From Fireworks to a Fireplace: Choosing Real Love Over Passion – A Vulnerable Share

If you’ve ever wondered whether deep, stable love truly exists—if you’ve found yourself drawn to intense, passionate relationships that burn bright but leave you questioning your worth—this is for you. I spent years believing love had to be all-encompassing, only to discover that real love is something else entirely. This is my story of unlearning, healing, and stepping into a kind of love I began to believe never was possible.

Before I begin, I want to make something clear—my relationship is not perfect. No relationship is. Love, even in its most sacred form, is not a fairytale. It is not effortless, nor is it without challenges. But what I have stepped into is something real, something anchored in truth, and something worth every moment of growth and learning.

Love. The word alone carries so many expectations, illusions, and projections. For most of my life, I thought I understood it. I thought love had to be grand, all-consuming, intense. That if it wasn’t full of fire, it wasn’t real. And yet, here I am, standing in something I never could have imagined, something far deeper and more whole than any love I have ever known. A conscious, sacred union.

It’s not what I thought it would look like. It is not effortless. It is not free of challenge. In fact, it has been testing, raw, and deeply confronting. But it is also harmonious, a steady anchor, a home within another. A feeling of rightness and peace I never truly knew existed.

I want to share this with you not because I have "made it" in love or because I have all the answers, actually far from it, but because I know what it feels like to wonder if this kind of love exists. To question if you’re asking for too much. To feel like deep, open communication and unwavering devotion might just be a fantasy.

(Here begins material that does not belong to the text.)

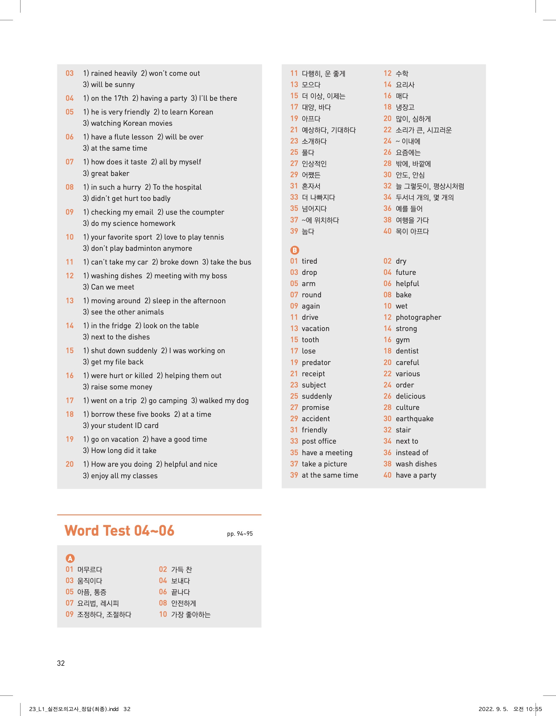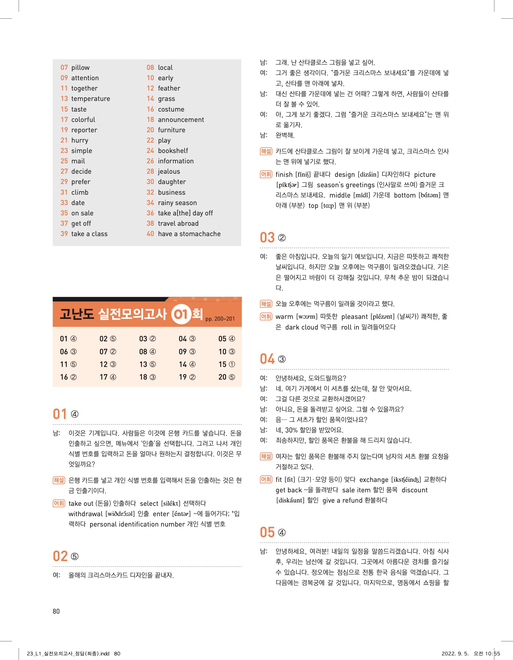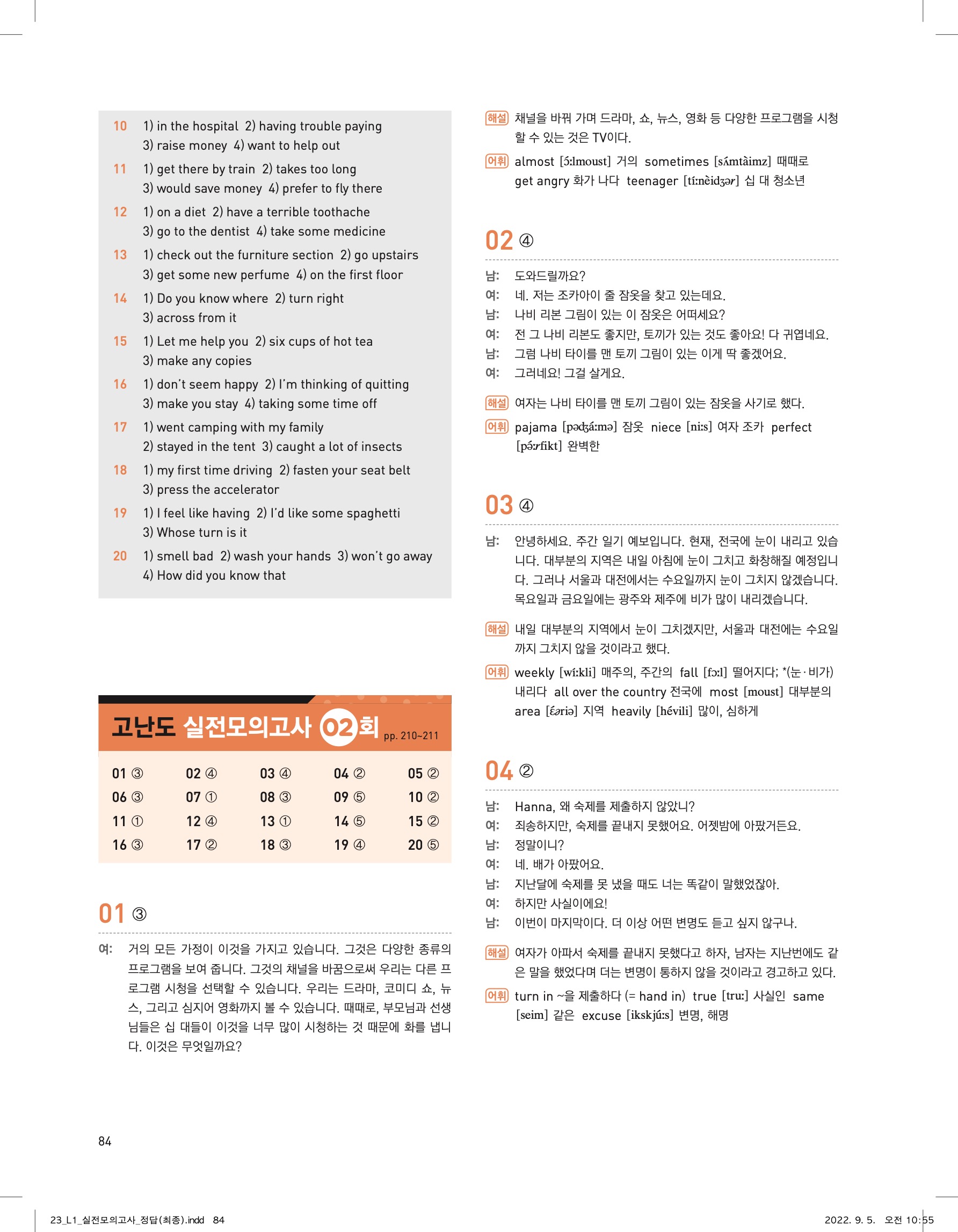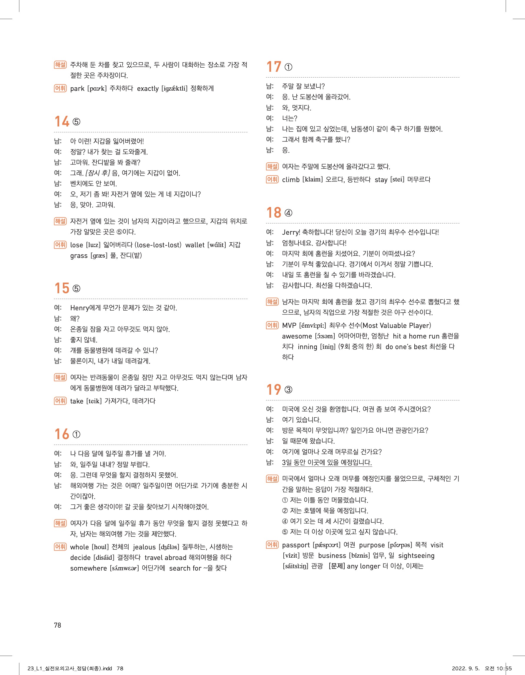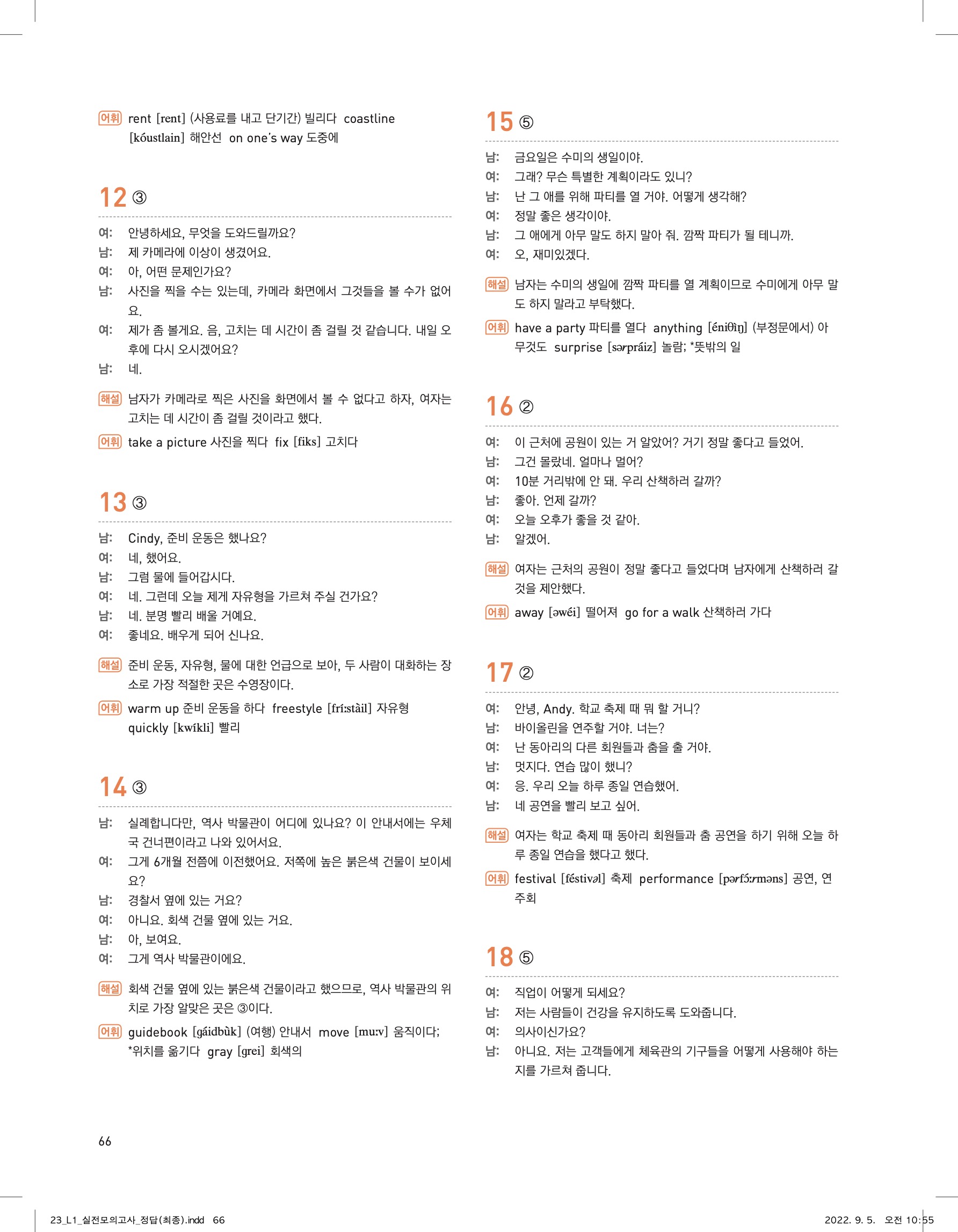 📘 능률 중학영어듣기모의고사22회 레벨3 L3 답지 및 해설

I first met my love short of five years ago in his hometown in Greece where I had decided to live for a few months. It was not long after I had walked away from my nine-year relationship, an engagement, and a life I had built as a stepmother. When I met him, he was a breath of fresh air. He reflected back to me something I had been missing—simplicity. Devotion. The truth that when someone truly sees you, there are no games, only presence, only raw transparency and respect.

And yet, despite the depth of our connection and when it was time for me to leave his hometown, we both knew the timing wasn’t right to continue, which was a hard pill to swallow for us both at the time. He was at the beginning of his own very inward awakening, still living in Greece. I was emerging from a life I had spent years building, with wounds still fresh, my former step-child’s heart still in the mix of the big change I was navigating. And so, we chose 'friendship’.

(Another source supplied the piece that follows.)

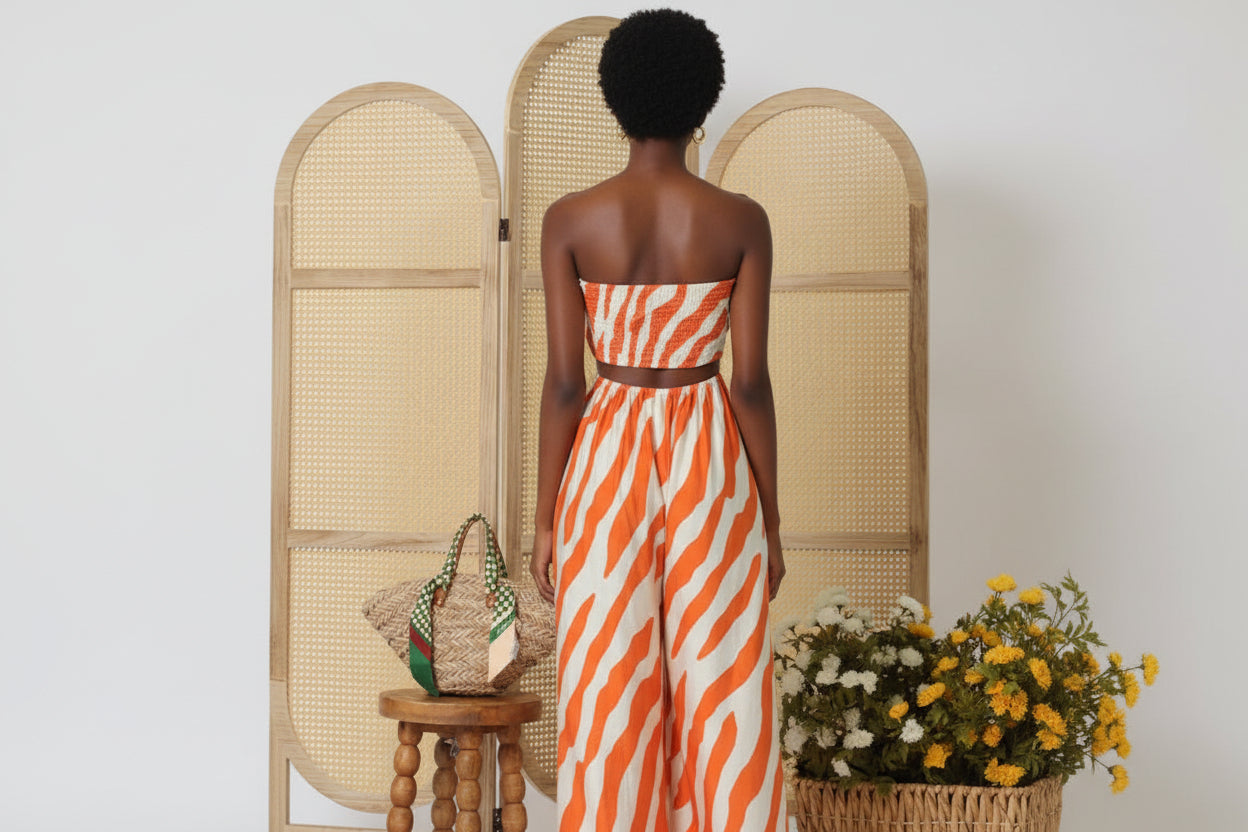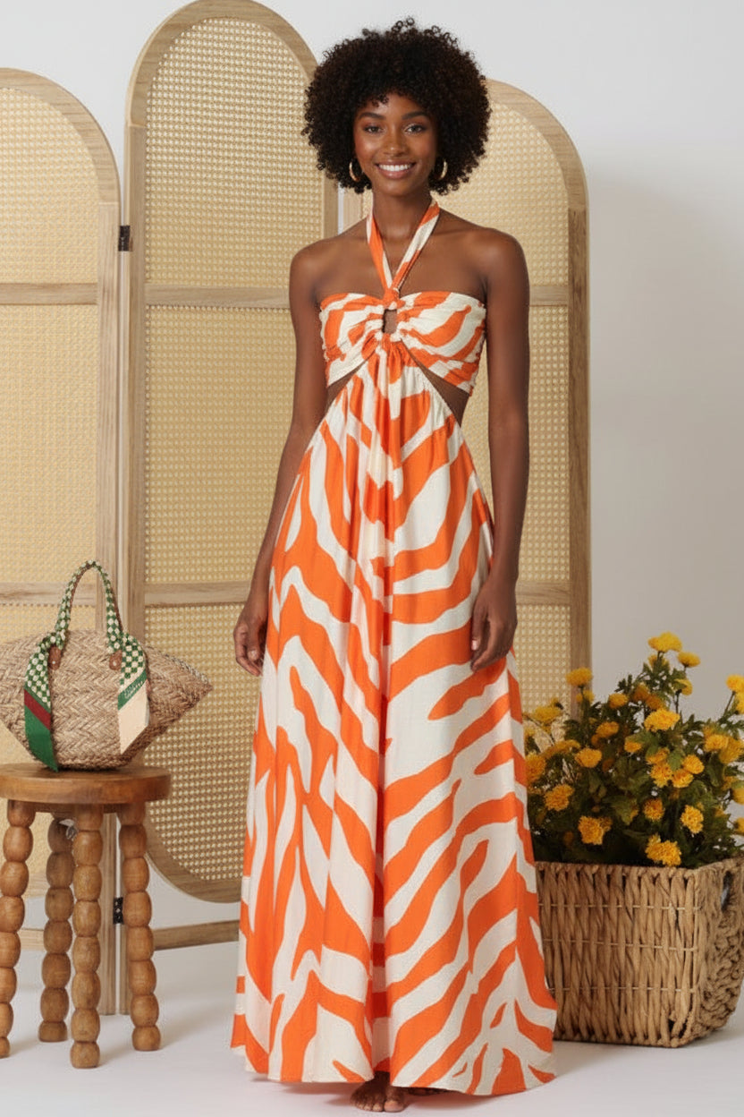 Elegant maxi dress featuring a striking tie-back neckline with cutout detail and a comfortable elastic waist. Perfect for elevated everyday wear or special occasions, this piece combines sophisticated design with effortless comfort.

From the very beginning, we had two foundational things—full transparency and deep respect. We agreed that we would be honest with ourselves and with each other even if it may hurt, and we have both consistently stuck to that.

This is what carried us through all these years, what allowed us to stay in each other’s orbits even when life took us in different directions which was not always easy. Our bond growing stronger with time, shaped by honesty, respect, and a connection that sometimes felt undeniably more distant than other times but never faded. Every few weeks, or sometimes even months apart, we would have long conversations, hours melting away like minutes but in between those long deep chats, we would live our own very different individual lives.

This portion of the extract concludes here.